### WHAT NEEDS TO BE DONE
Transcribe the listing below exactly, from its first line through the line with "and white photo". Omit the pictures.

....

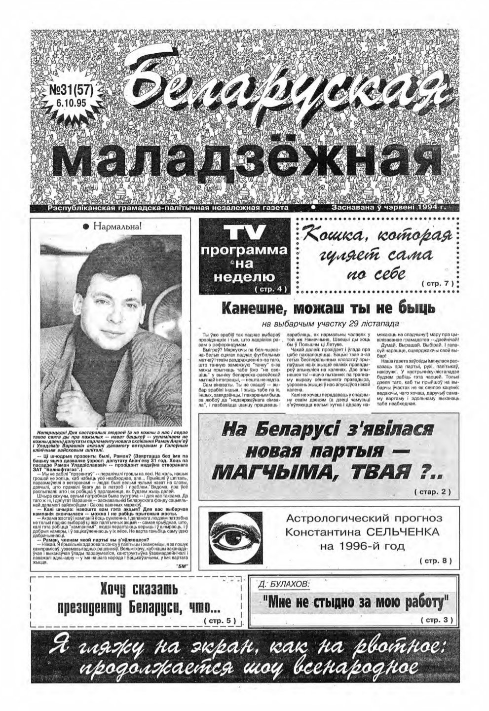 Беларуская маладзёжная (1994 - 2002) - беларуская газэта, дадатак да аднайменнай радыёстанцыі. Зарэгістраваная ў сакавіку 1994 году. У ёй друкаваліся расшыфроўкі радыйных гутарак, анонсы этэраў і ўсё, што не зьмяшчалася ў радыёфармат. Калі радыёстанцыю зачынілі, газэта засталася. Галоўны рэдактар — Тацьцяна Мельнічук. Традыцыйны фармат — 8 старонак А3. Газэта асьвятляла нараджэньне й разьвіцьцё палітычнай апазыцыі сярэдзіны-канца 1990-х... Болей »
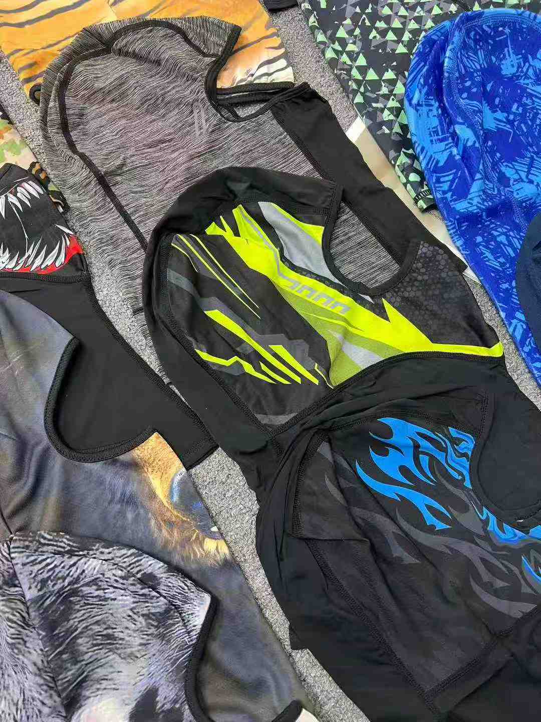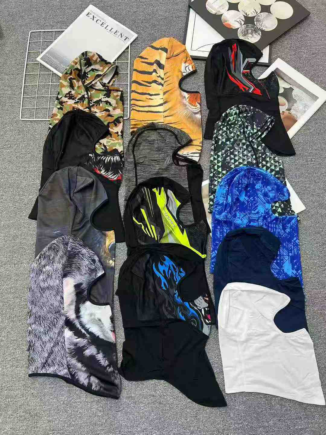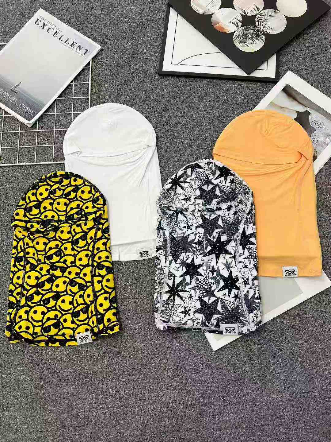 This is a batch of stock unisex outdoor headwear, made of thin high-stretch nylon ice silk. It works as sun-proof face cover and neck gaiter for cycling, hiking and other outdoor activities.
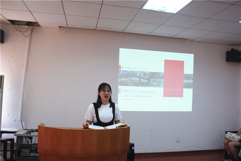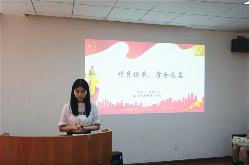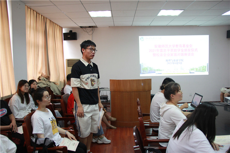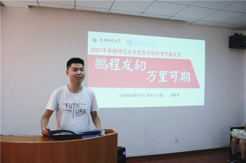2017级城乡规划专业陈诺、2018级地科师范专业阿芒尼沙去•依来克、2019级地理拔尖班樊敬贤和2018级地科师范专业胡玉乾作为获奖受助学生代表分享了自己的成长历程,对雷忠平先生的捐资助学表示感谢,并立志在以后的学习生活中,将这份帮助和善意传递下去,以实际行动回馈社会、报效国家,做对社会有用的人。
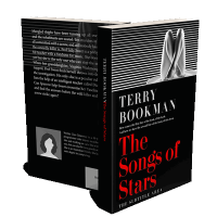 “Black and white photo of legs with bold text overlaying, "The Songs of Stars," in red, with an overall minimalistic design.”
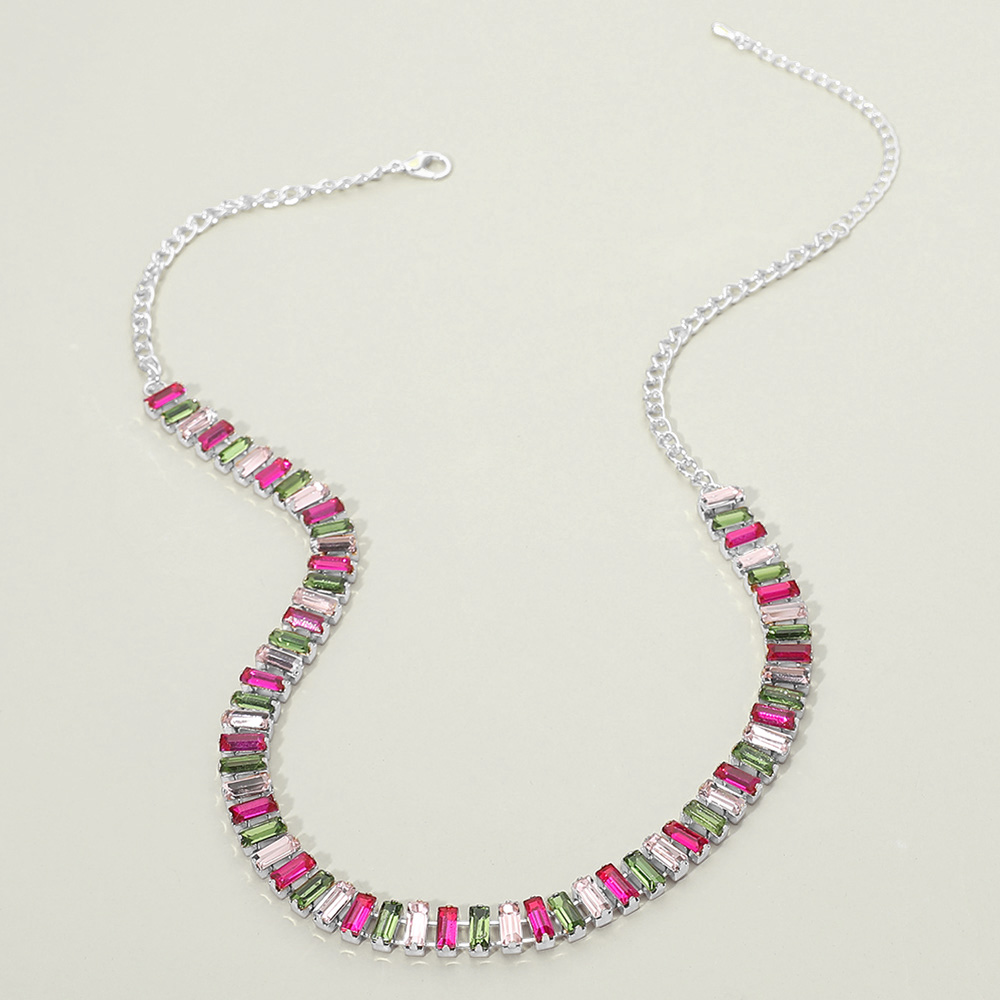 Details • Necklace Size : 18.25" + 3" L • Decor Size : 0.3" L • This statement necklace features a sleek row of baguette style accents arranged along a classic chain for a refined yet eye catching look. Designed to elevate everyday outfits or complete evening styling, it offers a balanced blend of structure and shine. Ideal for layered looks, gift selections, and curated accessory assortments. • Lead and Nickel Compliant
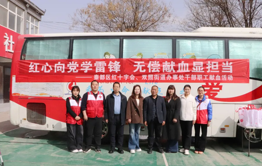 学雷锋,献爱心。3月18日,秦都区红十字会组织双照街道办干部职工开展以“红心向党学雷锋 无偿献血显担当”为主题的无偿献血公益活动,基层党员干部以实际爱心行动弘扬雷锋奉献精神,热血传递正能量。
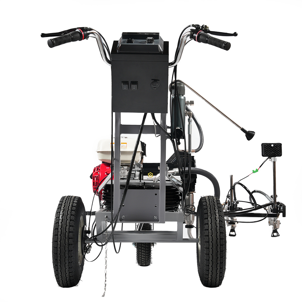 • высокая скорость дорожной разметки по сравнению с ручным нанесением кистью или валиком;• краскопульт на разметочной машине установлен на кронштейне, отсоединив его можно распылять краску безвоздушным пистолетом вручную в радиусе длины шланга;
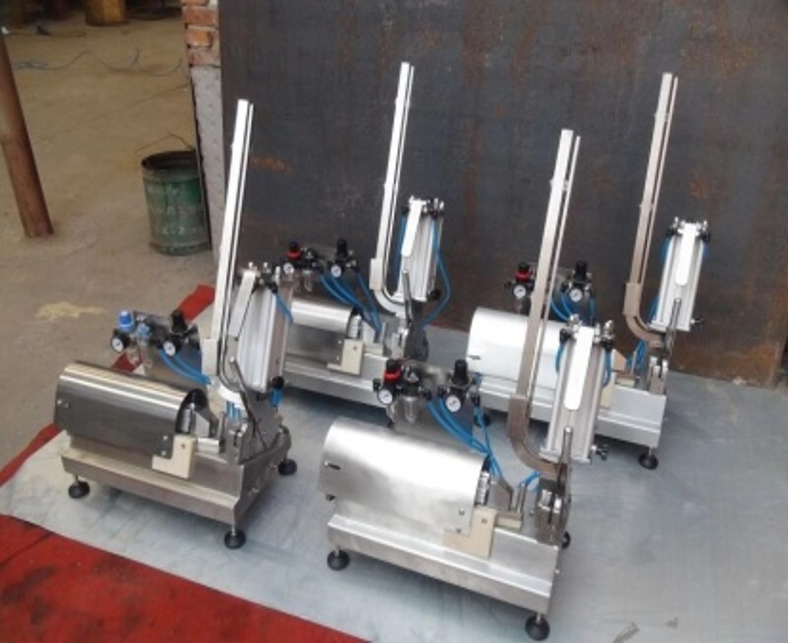 原理:产品预装后的包装膜被夹紧气缸夹紧后,由拉伸气缸把肠衣拉紧至要求,即可打卡封口及切断。
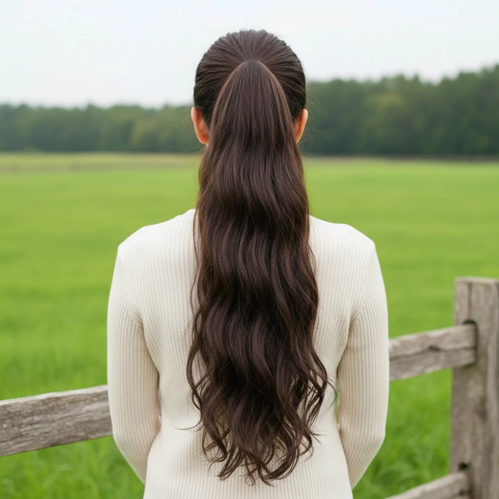 Lastik Tokalı At Kuyruğu Su Dalgalı - Kumral / Platin Ombre

....

### PROBLEM SOLUTION
 Беларуская маладзёжная (1994 - 2002) - беларуская газэта, дадатак да аднайменнай радыёстанцыі. Зарэгістраваная ў сакавіку 1994 году. У ёй друкаваліся расшыфроўкі радыйных гутарак, анонсы этэраў і ўсё, што не зьмяшчалася ў радыёфармат. Калі радыёстанцыю зачынілі, газэта засталася. Галоўны рэдактар — Тацьцяна Мельнічук. Традыцыйны фармат — 8 старонак А3. Газэта асьвятляла нараджэньне й разьвіцьцё палітычнай апазыцыі сярэдзіны-канца 1990-х... Болей »
 This is a batch of stock unisex outdoor headwear, made of thin high-stretch nylon ice silk. It works as sun-proof face cover and neck gaiter for cycling, hiking and other outdoor activities.
2017级城乡规划专业陈诺、2018级地科师范专业阿芒尼沙去•依来克、2019级地理拔尖班樊敬贤和2018级地科师范专业胡玉乾作为获奖受助学生代表分享了自己的成长历程,对雷忠平先生的捐资助学表示感谢,并立志在以后的学习生活中,将这份帮助和善意传递下去,以实际行动回馈社会、报效国家,做对社会有用的人。
 “Black and white photo of legs with bold text overlaying, "The Songs of Stars," in red, with an overall minimalistic design.”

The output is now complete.